WORK INSTRUCTION
Each entry below is to be written out exactly, and the pictures are to be left out.

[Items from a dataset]
○ ○ ○

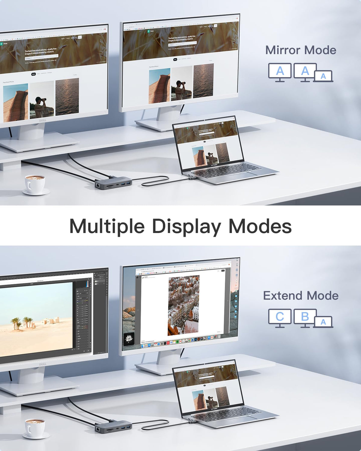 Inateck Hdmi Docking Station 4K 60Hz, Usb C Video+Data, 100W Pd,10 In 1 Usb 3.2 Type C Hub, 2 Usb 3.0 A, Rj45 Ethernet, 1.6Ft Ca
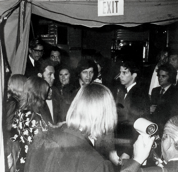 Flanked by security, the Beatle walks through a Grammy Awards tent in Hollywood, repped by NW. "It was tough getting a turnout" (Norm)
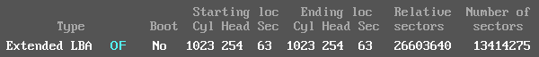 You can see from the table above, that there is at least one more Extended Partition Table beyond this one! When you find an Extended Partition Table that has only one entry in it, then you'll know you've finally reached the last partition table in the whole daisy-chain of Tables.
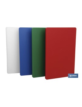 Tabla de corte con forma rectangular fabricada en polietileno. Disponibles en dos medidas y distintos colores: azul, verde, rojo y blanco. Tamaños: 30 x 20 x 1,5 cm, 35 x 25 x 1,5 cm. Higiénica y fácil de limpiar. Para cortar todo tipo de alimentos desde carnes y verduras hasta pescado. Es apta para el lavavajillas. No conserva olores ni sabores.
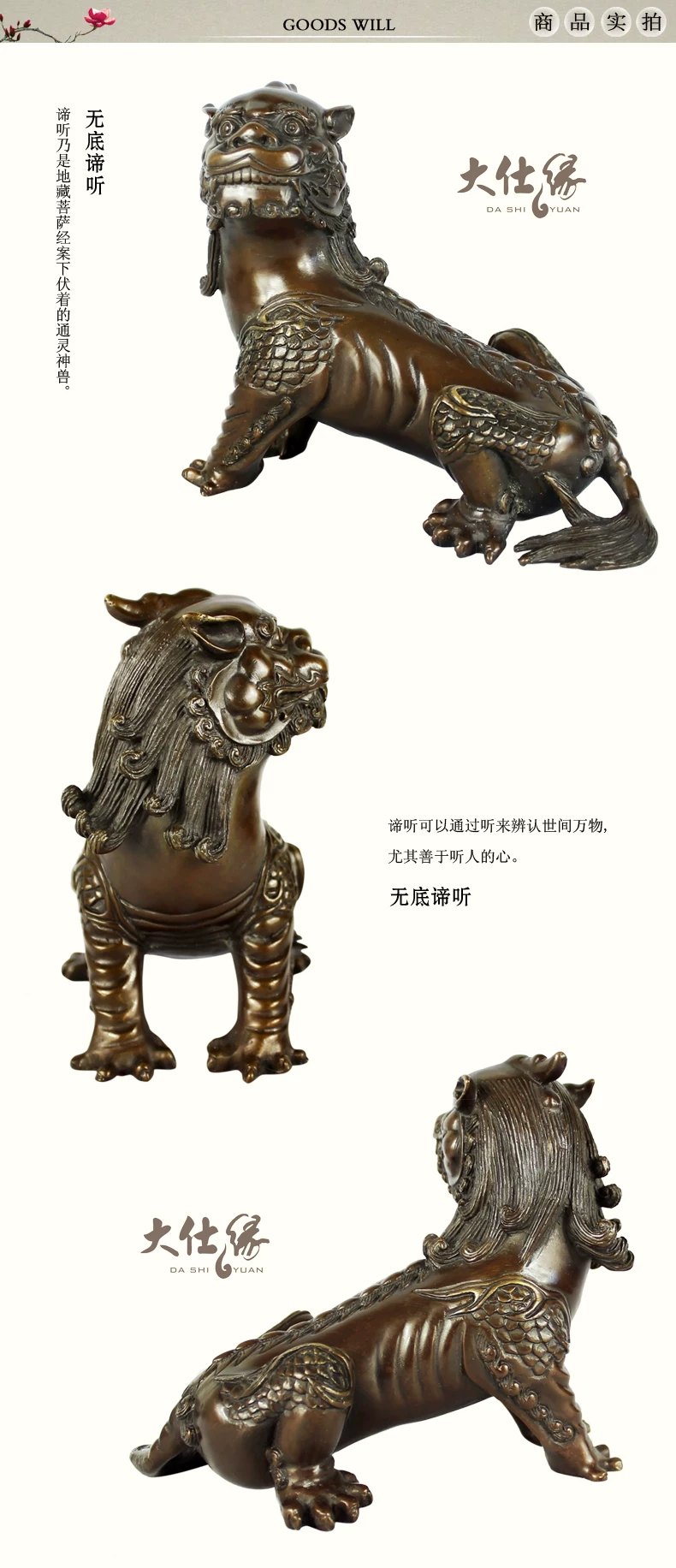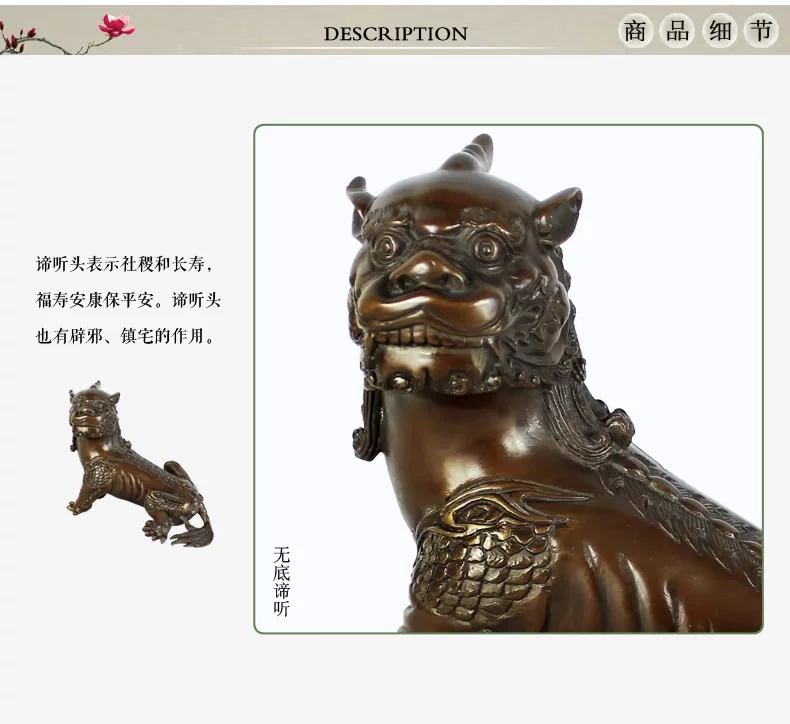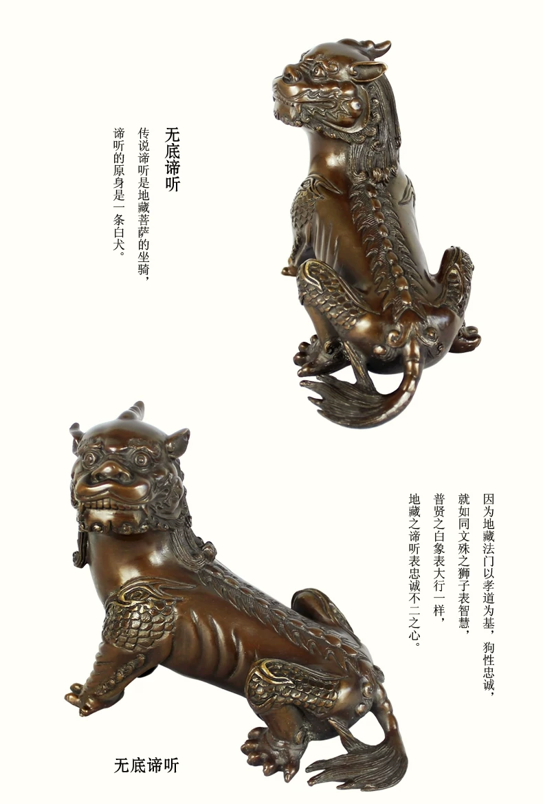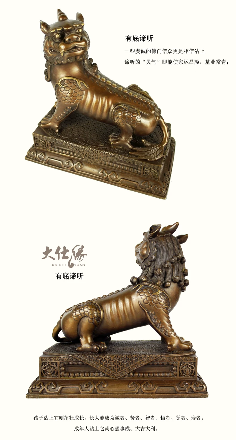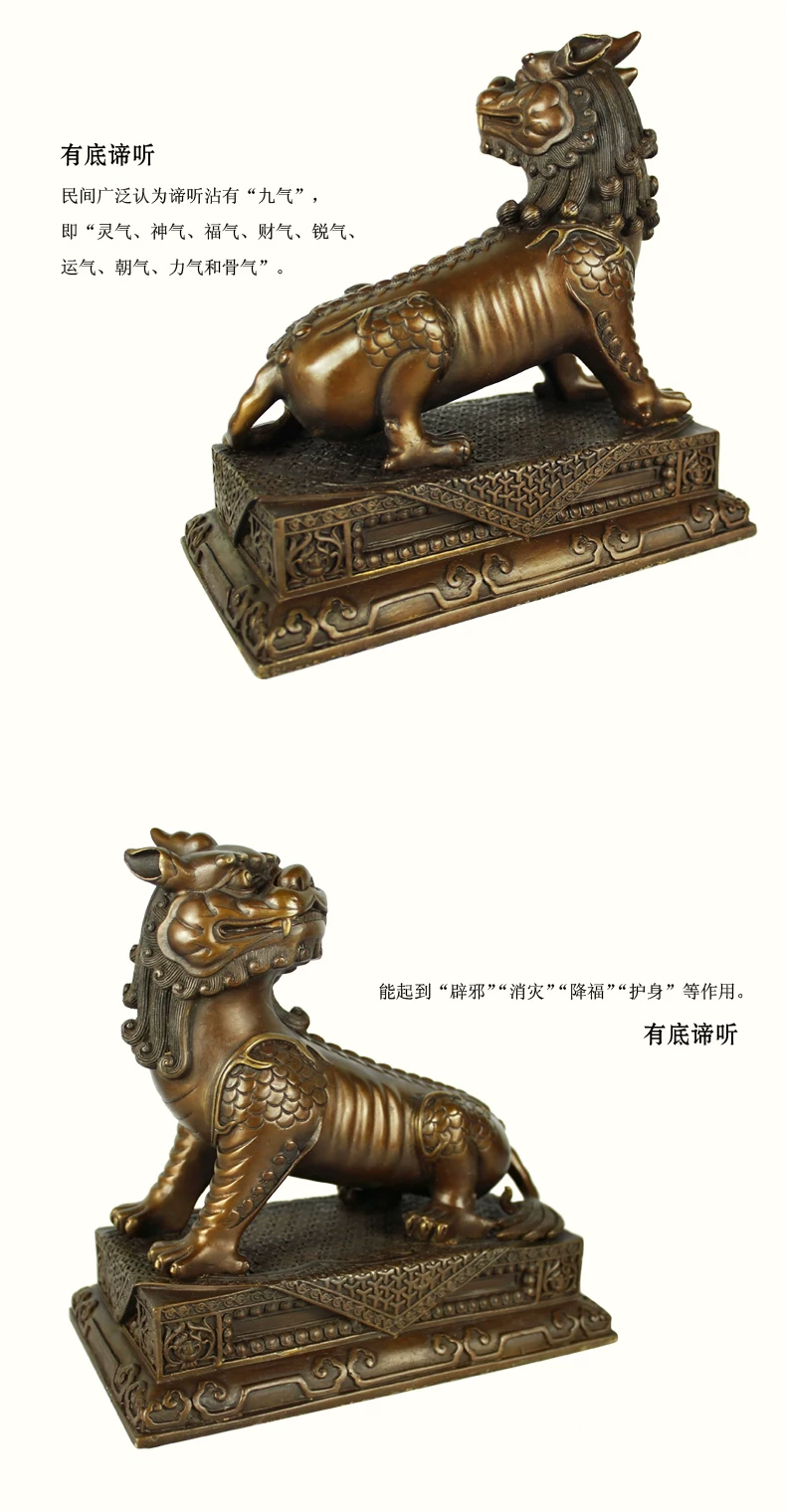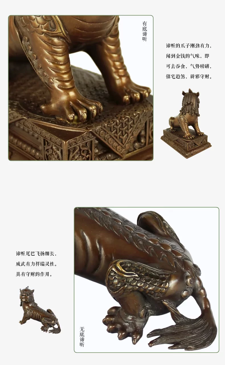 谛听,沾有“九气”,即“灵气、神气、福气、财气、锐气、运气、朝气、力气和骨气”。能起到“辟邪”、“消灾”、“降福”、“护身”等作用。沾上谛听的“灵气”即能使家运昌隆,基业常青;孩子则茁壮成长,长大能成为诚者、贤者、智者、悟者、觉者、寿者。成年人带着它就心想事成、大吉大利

○ ○ ○

OUTPUT OF THE TASK
 Inateck Hdmi Docking Station 4K 60Hz, Usb C Video+Data, 100W Pd,10 In 1 Usb 3.2 Type C Hub, 2 Usb 3.0 A, Rj45 Ethernet, 1.6Ft Ca
 Flanked by security, the Beatle walks through a Grammy Awards tent in Hollywood, repped by NW. "It was tough getting a turnout" (Norm)
 You can see from the table above, that there is at least one more Extended Partition Table beyond this one! When you find an Extended Partition Table that has only one entry in it, then you'll know you've finally reached the last partition table in the whole daisy-chain of Tables.
 Tabla de corte con forma rectangular fabricada en polietileno. Disponibles en dos medidas y distintos colores: azul, verde, rojo y blanco. Tamaños: 30 x 20 x 1,5 cm, 35 x 25 x 1,5 cm. Higiénica y fácil de limpiar. Para cortar todo tipo de alimentos desde carnes y verduras hasta pescado. Es apta para el lavavajillas. No conserva olores ni sabores.
 谛听,沾有“九气”,即“灵气、神气、福气、财气、锐气、运气、朝气、力气和骨气”。能起到“辟邪”、“消灾”、“降福”、“护身”等作用。沾上谛听的“灵气”即能使家运昌隆,基业常青;孩子则茁壮成长,长大能成为诚者、贤者、智者、悟者、觉者、寿者。成年人带着它就心想事成、大吉大利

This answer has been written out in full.